On 21 August 2002, before the 10 October 2002 elections, President Musharraf announced that he had issued a decree - the Legal Framework Order - that amended the constitution, giving him sweeping powers to sack a prime minister, dissolve parliament and set up a National Security Council, on which four military chiefs and eight civilian political leaders would sit, and which he, as president, would head, giving the armed forces a permanent role in the country's governance.

All opposition parties, including the Mutahidda Majlis-e-Amal (MMA), opposed the Legal Framework Order (LFO). However, the October 2002 election resulted in the pro-Musharraf party, the Pakistan Muslim League-Quid-e-Azam (PML-Q) winning the largest number of seats. The opposition accuses Musharraf of manipulating the poll by passing laws blocking Mr Nawaz Sharif of the PML-N and his fellow exiled former prime minister, Benazir Bhutto of the PPP, from returning to power on the grounds they have served twice before as prime minister.

In spite of the fact that the Pakistan Muslim League-Quid-e-Azam (PML-Q) won the most seats, they did not win enough to govern outright. The result was a hung parliament. Of the 324 seats in the National Assembly, Musharraf's PML-Q now holds 118, Bhutto's PPP holds 81 and the MMA secured an astonishing 60 seats enabling the MMA to hold the balance of power.

By early November, a coalition had formed between all those parties opposed to Musharraf's constitutional changes (the LFO). On 11 November however, Musharraf met with the MMA vice president, Qazi Hussain Ahmed, for over two hours. Mr Ahmed told President Musharraf that the MMA was ready to accept him as president if he took back his constitutional package (LFO) and left the post of the Chief of the Army. Musharraf would not accept. Yet - by 13 November 2002, the MMA and the pro-Musharraf PML-Q had "narrowed their differences" and the MMA was agreeing to be "flexible". This paved the way for a PML-Q / MMA coalition government to be formed.

THE VALUE OF LEVERAGE

To this day however, the constitutional issues have not been resolved and there is debate about whether the constitutional amendments made by the Legal Framework Order (LFO) are valid. On top of this, the MMA, which rules the North West Frontier Province (NWFP) in its own right (holding 68 of the 124 seats) has, as of Monday 2 June, officially adopted Sharia law in NWFP. They have also passed the Hasba Act that enables them to establish a Department of Vice and Virtue, Taliban-style. Militant youths are pulling down billboards, trashing music stores and wreaking havoc across the NWFP. All 24 local governors - 'nazims' - have handed in their resignations to President Musharraf. Musharraf has responded by sacking the NWFP's chief secretary and inspector general of police over their enforcement of Sharia. This has put the NWFP, MMA government on a collision course with the pro-West central government.

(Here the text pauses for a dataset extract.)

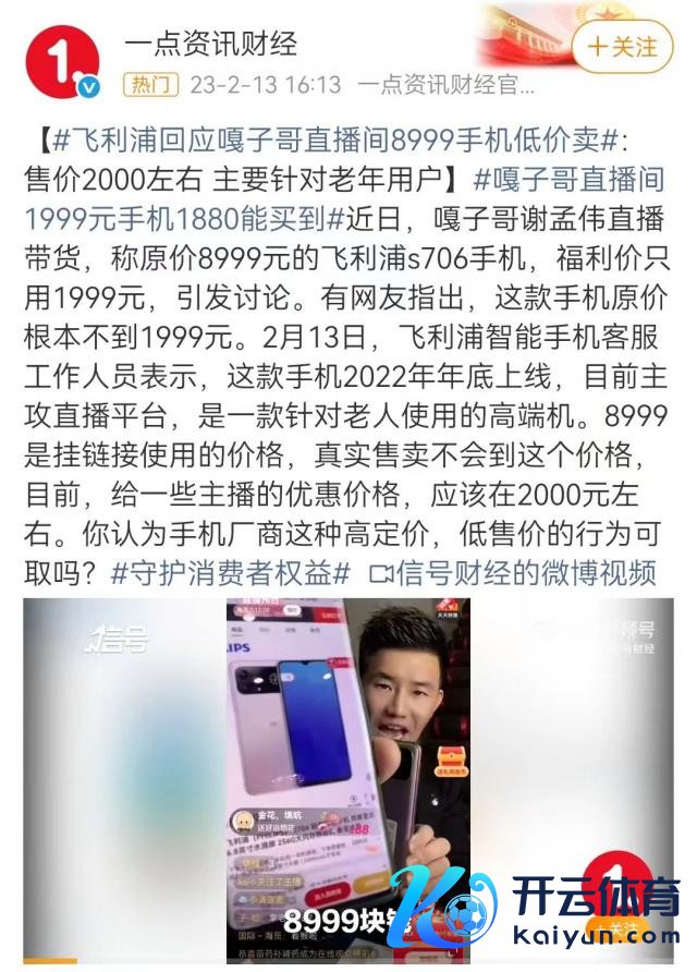2023 年,嘎子哥又因为一款手机翻车。其在直播间宣称该手机原价 8999 元,并称因阛阓总监误标价钱,故以 1999 元的蚀本价售卖。但后续有网友指出,同款手机在其他平台仅售 1880 元,质疑嘎子哥乖谬宣传。

All the meanwhile, the PML-Q president, Chaudry Shujaat Hussain, was trying to strike a deal with the MMA, to convince the MMA to co-operate with the PML-Q and break the political deadlock over the Legal Framework Order.

The strategic hour had arrived for the MAA to bring out its greatest weapon - its political leverage. The MMA has agreed to an about-face on the LFO, saying they will be willing to relax their opposition to the LFO and accept Musharraf as President, in Army uniform, provided the government is willing to accept the MMA's Islamisation package.

THE MMA'S ISLAMISATION PACKAGE.

This Islamisation package extends beyond the NWFP. The MMA's Islamisation package contains 17 demands - 7 are related to the LFO, and 10 are related to Islamisation. These demands include: a revision of media policy to bring it in line with Islamic values, the setting up of commissions and institutions to streamline the education system and economy according to Islamic teaching, the promotion of the shalwar kameez, (long smock with lose-fitting trousers) as the "national uniform" (to be made compulsory in all schools and colleges), Friday to be a weekly public holiday, and that Musharraf's Madrassa Ordinance be repealed and madrassa's be removed from the "watch list".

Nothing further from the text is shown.